From the first line to the last, restate every record word for word, leaving out the pictures.

▸ Exercise input
= = = = =

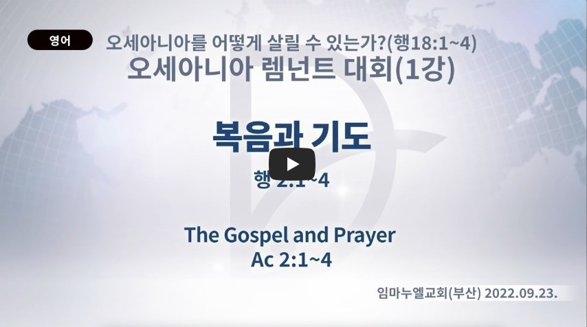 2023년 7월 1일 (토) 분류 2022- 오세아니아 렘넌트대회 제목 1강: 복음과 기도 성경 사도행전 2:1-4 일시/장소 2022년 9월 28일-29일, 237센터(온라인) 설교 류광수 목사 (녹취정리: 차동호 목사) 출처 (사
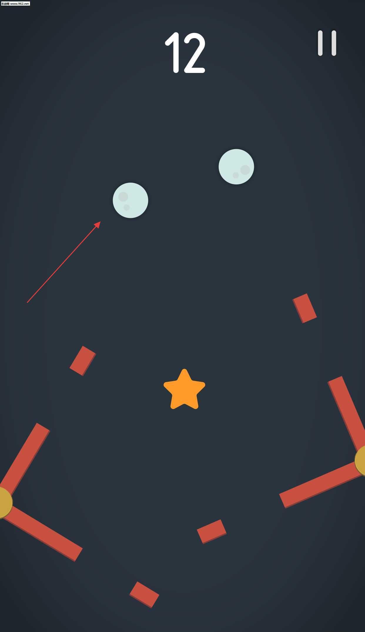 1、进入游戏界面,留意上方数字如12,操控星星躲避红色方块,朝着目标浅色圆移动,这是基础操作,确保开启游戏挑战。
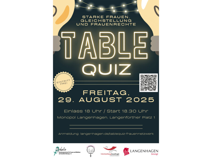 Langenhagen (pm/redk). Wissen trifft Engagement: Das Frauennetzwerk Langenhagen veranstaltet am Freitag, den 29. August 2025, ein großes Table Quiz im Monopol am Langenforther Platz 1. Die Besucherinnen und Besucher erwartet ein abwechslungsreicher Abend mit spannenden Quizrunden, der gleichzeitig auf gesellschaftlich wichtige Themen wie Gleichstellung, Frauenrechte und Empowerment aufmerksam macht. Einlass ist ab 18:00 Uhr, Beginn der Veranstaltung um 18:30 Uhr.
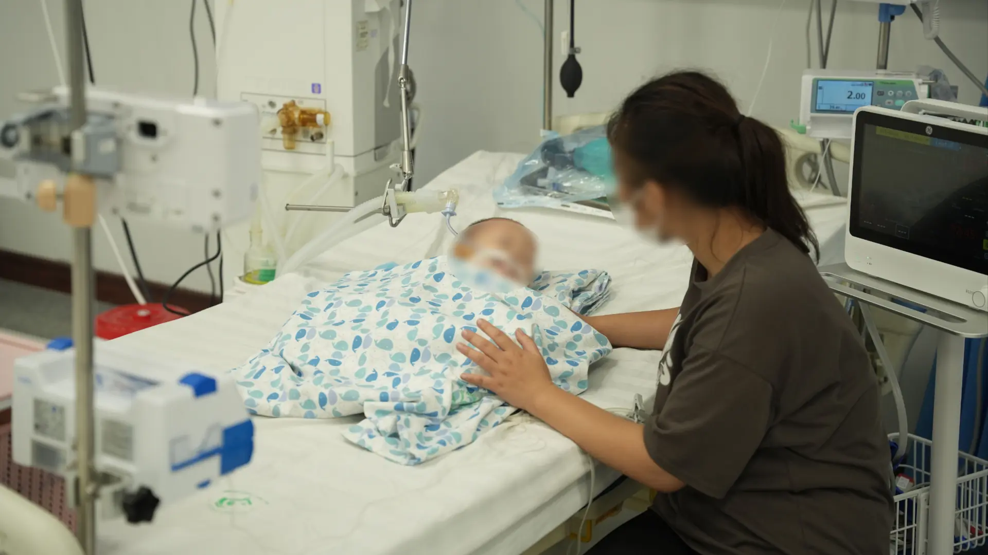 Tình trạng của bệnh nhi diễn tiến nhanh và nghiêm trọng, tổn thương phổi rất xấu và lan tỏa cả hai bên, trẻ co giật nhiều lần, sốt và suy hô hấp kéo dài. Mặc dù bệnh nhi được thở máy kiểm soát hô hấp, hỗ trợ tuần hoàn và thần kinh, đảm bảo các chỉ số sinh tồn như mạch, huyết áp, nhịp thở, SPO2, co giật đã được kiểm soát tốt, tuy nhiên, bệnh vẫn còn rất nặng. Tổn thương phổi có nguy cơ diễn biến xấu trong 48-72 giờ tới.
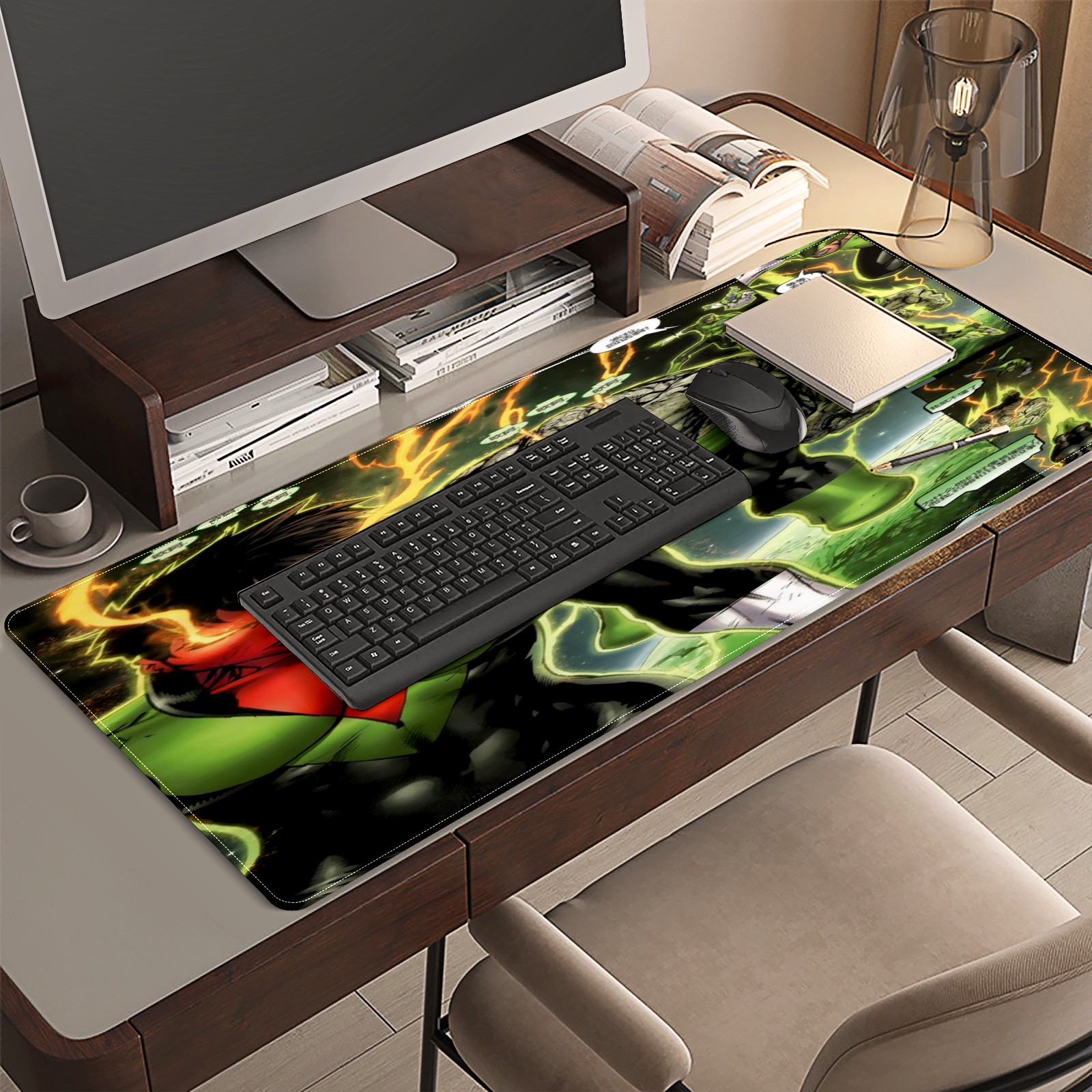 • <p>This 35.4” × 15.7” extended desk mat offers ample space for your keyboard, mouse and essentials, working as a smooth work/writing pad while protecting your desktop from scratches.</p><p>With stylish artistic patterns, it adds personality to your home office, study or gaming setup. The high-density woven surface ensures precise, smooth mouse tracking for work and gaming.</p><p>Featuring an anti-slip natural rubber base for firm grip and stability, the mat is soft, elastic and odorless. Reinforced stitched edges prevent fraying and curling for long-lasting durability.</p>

= = = = =

▸ Solution
 2023년 7월 1일 (토) 분류 2022- 오세아니아 렘넌트대회 제목 1강: 복음과 기도 성경 사도행전 2:1-4 일시/장소 2022년 9월 28일-29일, 237센터(온라인) 설교 류광수 목사 (녹취정리: 차동호 목사) 출처 (사
 1、进入游戏界面,留意上方数字如12,操控星星躲避红色方块,朝着目标浅色圆移动,这是基础操作,确保开启游戏挑战。
 Langenhagen (pm/redk). Wissen trifft Engagement: Das Frauennetzwerk Langenhagen veranstaltet am Freitag, den 29. August 2025, ein großes Table Quiz im Monopol am Langenforther Platz 1. Die Besucherinnen und Besucher erwartet ein abwechslungsreicher Abend mit spannenden Quizrunden, der gleichzeitig auf gesellschaftlich wichtige Themen wie Gleichstellung, Frauenrechte und Empowerment aufmerksam macht. Einlass ist ab 18:00 Uhr, Beginn der Veranstaltung um 18:30 Uhr.
 Tình trạng của bệnh nhi diễn tiến nhanh và nghiêm trọng, tổn thương phổi rất xấu và lan tỏa cả hai bên, trẻ co giật nhiều lần, sốt và suy hô hấp kéo dài. Mặc dù bệnh nhi được thở máy kiểm soát hô hấp, hỗ trợ tuần hoàn và thần kinh, đảm bảo các chỉ số sinh tồn như mạch, huyết áp, nhịp thở, SPO2, co giật đã được kiểm soát tốt, tuy nhiên, bệnh vẫn còn rất nặng. Tổn thương phổi có nguy cơ diễn biến xấu trong 48-72 giờ tới.
 • <p>This 35.4” × 15.7” extended desk mat offers ample space for your keyboard, mouse and essentials, working as a smooth work/writing pad while protecting your desktop from scratches.</p><p>With stylish artistic patterns, it adds personality to your home office, study or gaming setup. The high-density woven surface ensures precise, smooth mouse tracking for work and gaming.</p><p>Featuring an anti-slip natural rubber base for firm grip and stability, the mat is soft, elastic and odorless. Reinforced stitched edges prevent fraying and curling for long-lasting durability.</p>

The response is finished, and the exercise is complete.